Within minutes, a large crowd of mostly young men had gathered.


“If I told them I was coming, they’d have shut down the market — it would have been 10 times this,” Obi said, smiling, looking out at his roaring fans from under a cap that read: “Make Nigeria Great.” Then he stepped out in front of the sea of smartphones held aloft to record the occasion.


“A new Nigeria is possible,” he told the crowd in his distinctive high voice. “For the first time, government is going to care about you.”


For eight years, the citizens of Africa’s most populous nation — 70 per cent of them under the age of 30 — have been governed by Muhammadu Buhari, who previously ruled the country as a military dictator, in the 1980s, long before most of them were even born.

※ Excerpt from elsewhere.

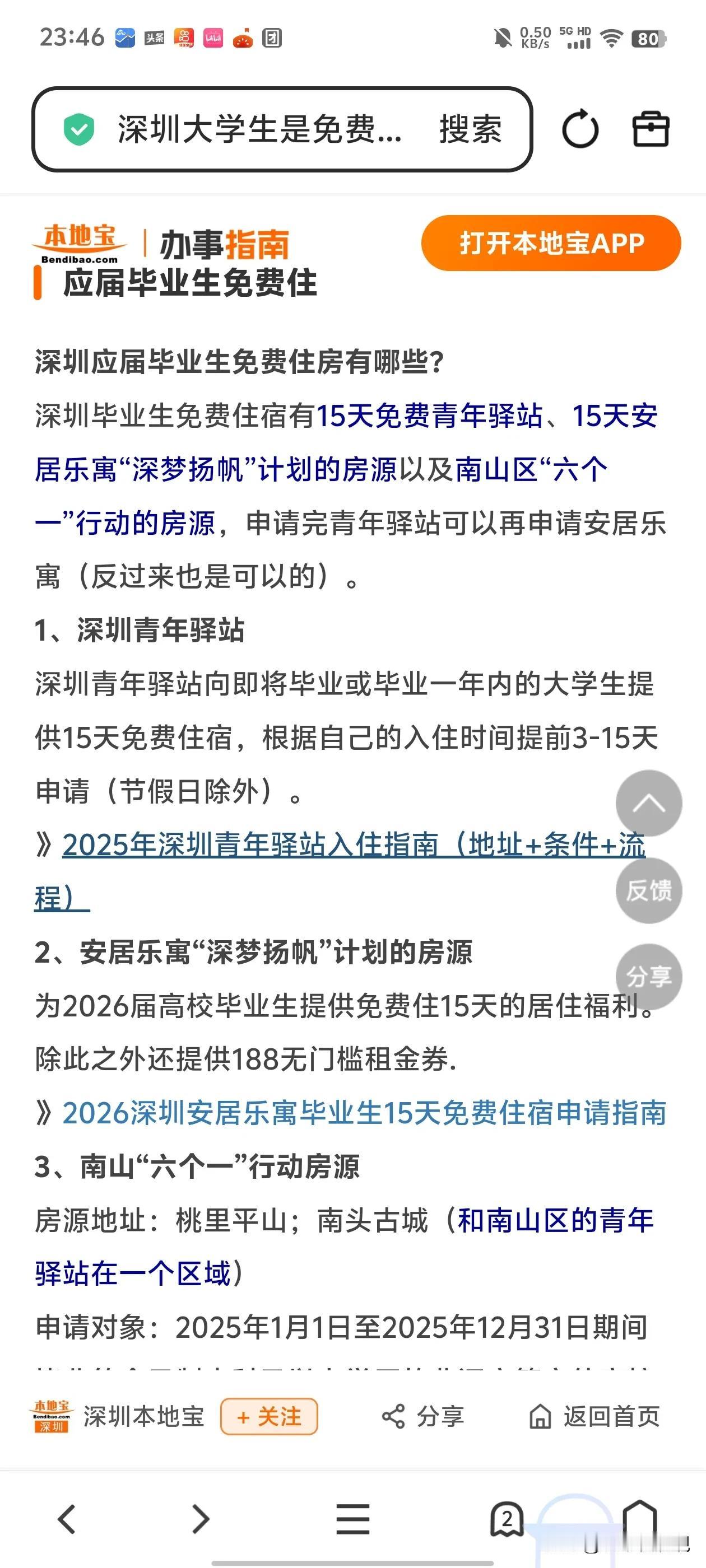 深情友爱,“圳”在温暖!深圳市面向外地求职的应届大学生和毕业一年内大学生提供多种免费居住计划,最长达15天。深圳市级层面的主要有“扬帆计划”和“深圳青年驿站”,各区还有自己的青年免费住房计划。有求者可以在深圳市官网搜索关键字查询详情,或来电咨询深圳市民热线“0755—12345”有关信息。另附,深圳人才驿站也为应届大学生和毕业一年内大学生提供最多7天的免费居住。但不能和“青年驿站计划”同享。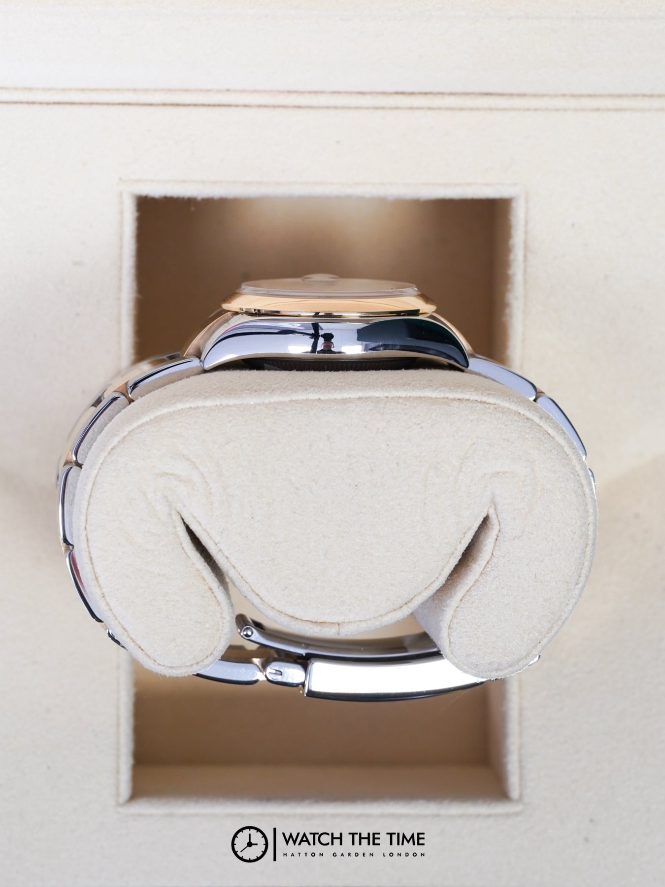 28mm stainless steel & yellow gold case, yellow gold smooth bezel. Crown set on the right side of the watch as well as the date. Champagne baton dial, yellow gold & stainless steel oyster bracelet.

In a country where vote-buying and violence often distort elections, the presidential vote scheduled for February 25 presents a rare chance for millions of young Nigerians, many of them new voters, to make their elders listen.


According to polls, many of these new voters support Obi, a former state governor challenging the traditional two-party hegemony by running with the lesser-known Labour Party. He is seen as the candidate of the youth, though far from young at 61; his main rivals are in their 70s. Buhari, who is 80, served the maximum of two terms.

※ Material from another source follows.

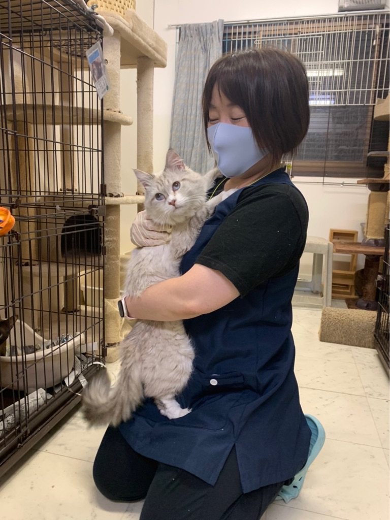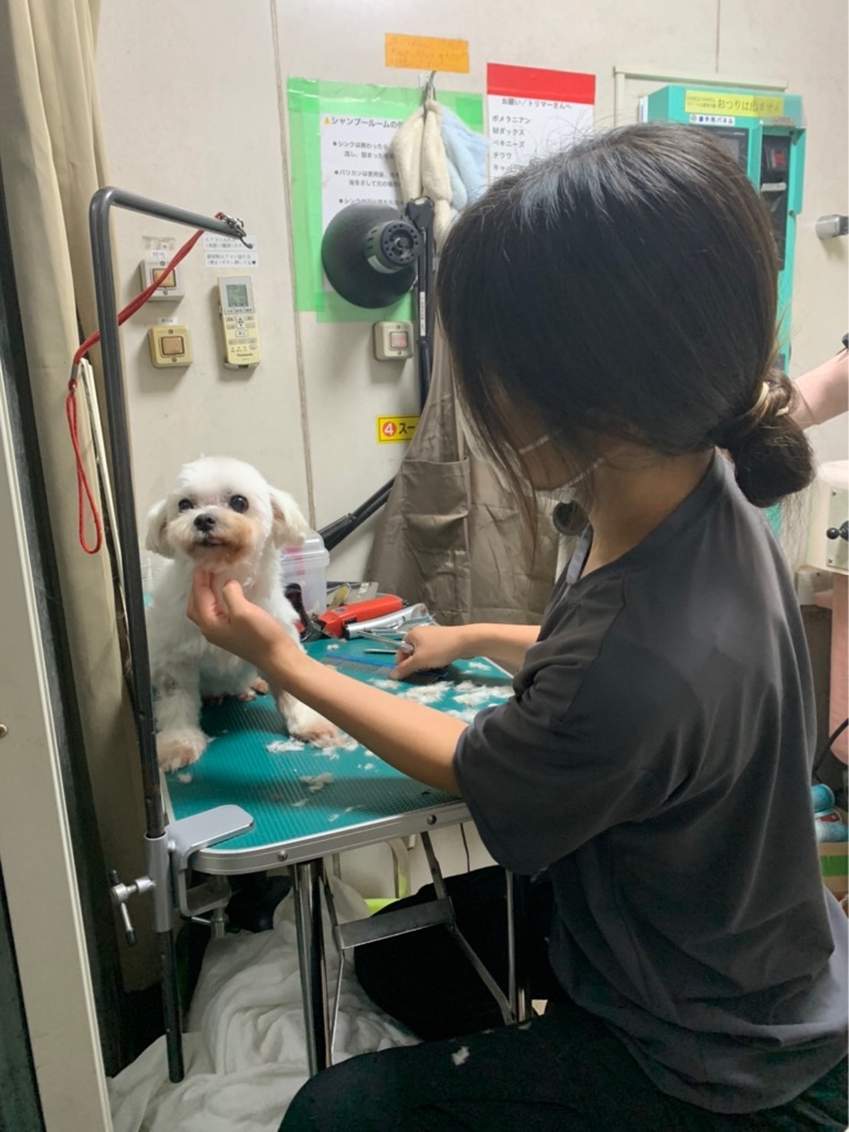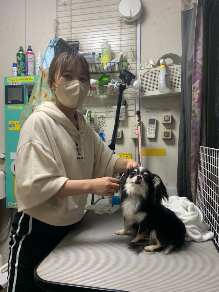 昨夜も夜中まで 譲渡会参加の犬達をトリミングしてくれたお姉さんです、

“A one-eyed man, in the land of the blind, is king,” Obi’s running mate, Yusuf Datti Baba-Ahmed, said in an interview.


Nigeria, and particularly its young people, have had an extremely tough few years. Large groups of schoolchildren have been kidnapped by extremists or ransom-seekers. Youth unemployment nearly tripled during the Buhari years. Demonstrators in peaceful protests against police brutality were shot dead by security forces in 2020 as they sang and waved the flag by a tollgate in Lekki, an upmarket Lagos suburb.


Many young people are channeling their anger at the government’s repressive response to that movement — as well as the failure to bring those responsible to justice, a seven-month Twitter ban, and persistent police brutality — into this election.


“What happened in Lekki is a clear indication that this government don’t care about the youth,” said Amanda Okafor, 28, who said she saw many fellow protesters shot dead in Lekki. Okafor was eligible to vote in the past two elections, but never did. Now she goes everywhere with her voter’s card, determined to cast her first-ever vote.


“We’re tired of these same old people coming in to tell us that they’re going to change stuff for us and they’re not doing anything,” she said.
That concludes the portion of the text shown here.